Они поговорили с глазу на глаз, пока хозяйка дома одевалась для поездки в оперу. Вот и все. Казалось, это обстоятельство не заслуживало места даже в самой дотошной картотеке. Быть может, так бы оно и было, обходись современные учреждения картотеками, каталогами и прочим не слишком поворотливым инвентарем. Но на помощь человеческой памяти и картотекам пришла электронная машина. В ту ночь, узнав, что Ганс Хойхлер вернулся из полета в Ингольштадтхаузен и вступил в оживленные радиопереговоры с неким Хажиром, Черных приказал привести в действие запоминающее устройство электронной машины по признаку 'Ганс Хойхлер'. Защелкали тысячи ячеек, замелькали огоньки на черном поле машины. Одна за другой перед офицером оказались четыреста восемьдесят две перфорированные отметки встреч Хойхлера, когда-либо зафиксированных прессой, официальными отчетами, частной корреспонденцией или донесениями агентуры. Чтобы разобраться в этом, потребовалось бы много времени, если бы электронная машина в течение полутора минут не сообщила офицеру, какие из этих встреч не были до сих пор разработаны. Из них машина отобрала встречи с военными. Таких нашлось сто девяносто семь. Двадцать две с представителями Северо-Западной Азии. Среди них встреча с Хажиром. За этим последовали малозначащие на вид, но значительные по существу своему звенья: давно уже было установлено, что для особо секретных сношений со своими эмиссарами в государстве, о котором шла речь, Хойхлер пользовался кодом 'Азиатские фиги'. Машина сообщала, что накануне описываемых событий Хойхлер передал этим каналом сообщение: 'Фиги упакованы. Отправляю. Следите за результатом. Действуйте, не ожидая указаний'. И, наконец, машина сообщила офицеру: эту 'торговую' депешу фирма- получатель в Азии с поспешностью передала не кому иному, как Сеиду Хажнру. В своей стране Хажир уже не прикидывался туристом, шатающимся по фешенебельным курортам и светским салонам, – там он носил форму генерал-майора авиации. Его бомбардировочное соединение базировалось в пункте, откуда рукой подать до сердца советского нефтяного района. Соседом Хажира по дислокации был некий генерал фон Шредер. Хотя этот иностранец и не состоял на службе у данной страны, но командовал на ее земле куда более серьезным объектом, нежели сам Хажир, – одним из дальних аэродромов атомоносцев УФРА. Обе базы – Хажира и Шредера – входили в зарубежное командование УФРА.
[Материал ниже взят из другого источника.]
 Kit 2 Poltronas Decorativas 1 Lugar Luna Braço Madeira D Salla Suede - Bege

Таким образом, когда перфорация карточек, в три минуты обработанных электронными машинами, превратилась во всем понятные слова, генерал Черных мог доложить командованию, что в 'фигах' он подозревает бомбы, а в 'упаковке' – бомбардировщик. То, что за этими 'фигами' должен следить именно командующий большой авиационной базой у границ СССР – Хажир, – вызывало тревогу.
Таков был результат незаметного визита к одной из парижских дам личного друга и коллеги генерала Ганса Хойхлера – господина Сеида Хажира. В службе, подчиненной генералу Черных, никто не назвал этот результат неожиданным или странным. Там всегда были готовы к самым удивительным и внезапным зигзагам человеческих путей и судеб. Заботились об одном: знать о них то, что нужно.
Глава 17
Генерал-лейтенанту Ивашину, теперь командиру авиационной дивизии в южном округе ПВО, трудно давался местный климат. Каждое посещение частей, расположенных в зоне обороны нефтяного района, было пыткой солнцем. Но вопреки советам врачей (а чего он не делал вопреки?) он летал, ездил, ходил без всякого ограничения, не задумываясь.
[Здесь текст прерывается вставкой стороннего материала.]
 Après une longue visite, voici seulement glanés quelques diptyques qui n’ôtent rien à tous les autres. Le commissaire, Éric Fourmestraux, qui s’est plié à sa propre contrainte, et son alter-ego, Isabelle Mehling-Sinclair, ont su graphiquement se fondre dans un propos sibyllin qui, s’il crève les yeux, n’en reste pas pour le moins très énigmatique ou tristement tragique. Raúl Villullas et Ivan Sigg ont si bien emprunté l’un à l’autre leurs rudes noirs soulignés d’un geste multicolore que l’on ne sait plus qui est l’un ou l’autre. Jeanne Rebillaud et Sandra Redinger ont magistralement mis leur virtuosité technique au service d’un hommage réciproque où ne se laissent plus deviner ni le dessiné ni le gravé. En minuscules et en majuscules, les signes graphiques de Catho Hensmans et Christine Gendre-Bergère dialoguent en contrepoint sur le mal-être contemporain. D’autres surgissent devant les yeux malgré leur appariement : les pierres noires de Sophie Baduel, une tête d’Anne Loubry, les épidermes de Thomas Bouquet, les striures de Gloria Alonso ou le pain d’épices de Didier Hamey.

Плеши холмов, бурые, неприветливые, глядели со всех сторон, окруженные щетиной немытой дождями травы. Под короткими ударами знойного ветра стебли, ударяясь друг о друга, позванивали, как ржавая проволока. А над головой крыша из раскаленного до густой синевы воздуха. А бывает, затянет все наверху чем-то желтым, мутным. И опять: не воздух, а дно котла на костре. Не то что подставить непокрытую голову, а без плотных очков-консервов и глаз туда лучше не поднимать. Все это раздражало, держало нервы в накале.
Войдя на КП, Ивашин сразу успокоился. Помещение тонуло в приятной полутьме: вогнутый полуциркуль экрана, электронные машины; маленький амфитеатр стульев для офицеров штаба. По светящимся экранам с изображением карты погоды для всего округа двигались туманности циклонов, бежали легкие, как лебяжий пух, штрихи перистых облаков. Клубились темные пятна кучевых облаков. Где-то над отдаленным районом дождь дрожал сеточкой мельчайших штришков.
У стены тянулся ряд радиолокаторов, охватывавших территорию округа. Особняком стояли белые радиотелетайпы для приема сообщений от кораблей и самолетов радиолокационной службы.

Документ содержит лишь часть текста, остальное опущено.